= Lloyd Howard Perkins =

American Mormon bishop (1923–1999)

Lloyd Howard Perkins (October 6, 1923 – September 4, 1999) was the first deaf Bishop in the history of the Church of Jesus Christ of Latter-day Saints.

==Biography==
He was born in Ogden, Utah, to James Emery Perkins and Lila Luella Bess Perkins. He served as a Stake Missionary in Scottsdale, Arizona, and held many positions in the Church. He served on the High Council in the Salt Lake Park Stake. In his later years, despite poor health, he completed a mission with his wife in the Norway Oslo Mission. He lost his ability to hear due to spinal meningitis. He married Vynola Dean Kernell on June 6, 1946, and later divorced. He married Madelaine Peterson Burton on December 27, 1976.

He did more than serve as the first deaf Bishop for the first deaf ward in the history of the LDS Church. He gave credence to a Utah subculture. "Having their own ward meant that deaf people were able to be recognized as having their own language," said Perkins' son.

==Public life==
He influenced the passage of the Americans with Disabilities Act. He served on the Governor's Committee to educate others about the act and to fight for total communication teaching in Utah's schools.
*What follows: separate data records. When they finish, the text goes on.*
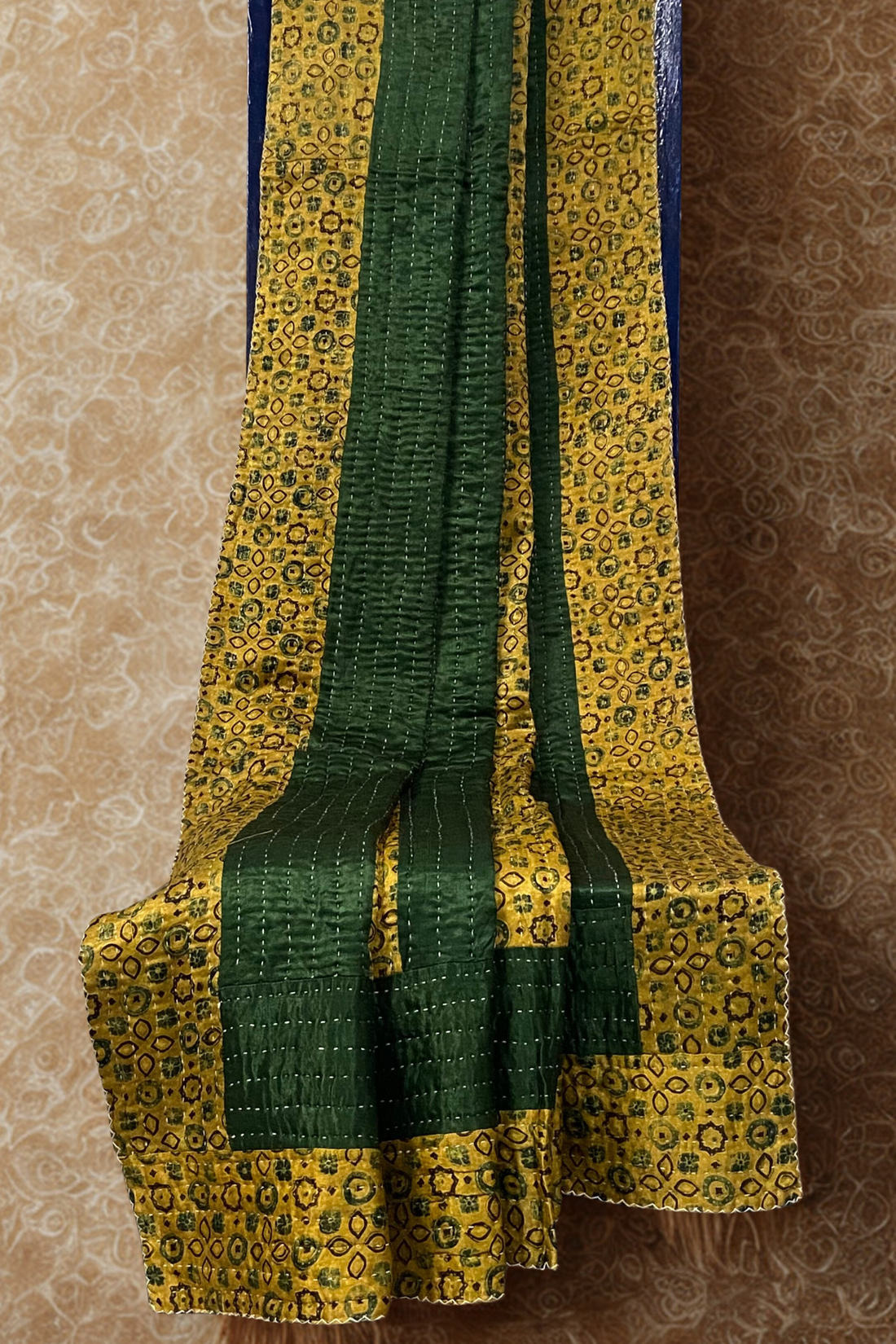 handcrafted reversible mashroo double quilt with filler - Vintage Green & Gold
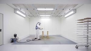 Durch einen neuen Logistikraum mit Laderampen, einem Lastenaufzug und Magazinräume für Beschläge und Montagewerkzeug ist jetzt auch für einen strikteren und flüssigeren Materialfluss gesorgt. Ein weiteres Herzstück von Manfred Lehmann Innenausbau ist der Oberflächenbereich. Die Lackieranlage wurde vom Marktführer konzipiert und befindet sich nun im Kellergeschoss. Der Lackierraum wurde mit einer Filteranlage und mit Wärmerückgewinnung ausgestattet und ermöglicht das Lackieren von hochveredelten Oberflächen.
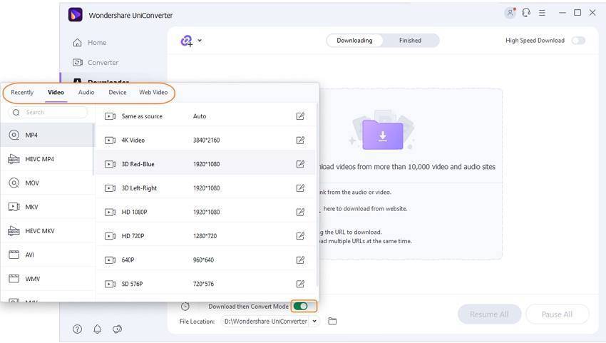 - Конвертировать аудио/видео формат в другие более 1000 видеоформатов, таких как MP4, MOV, AVI и т.д.
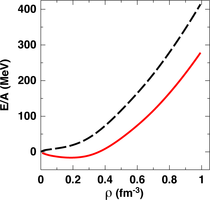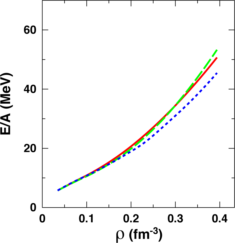The EoS, or energy per nucleon as a function of density, is then written as:

"In the 1960s, there was a big fight between all those educators who wanted only lip-reading taught in schools-no sign language. He believed they should teach total communication, or both sign language and lip reading. He led the fight for it," Kerry Perkins said

In 1975, Perkins donated a Teletype machine to the Salt Lake Police Department. It enabled deaf families with a similar unit to call the department when they needed help.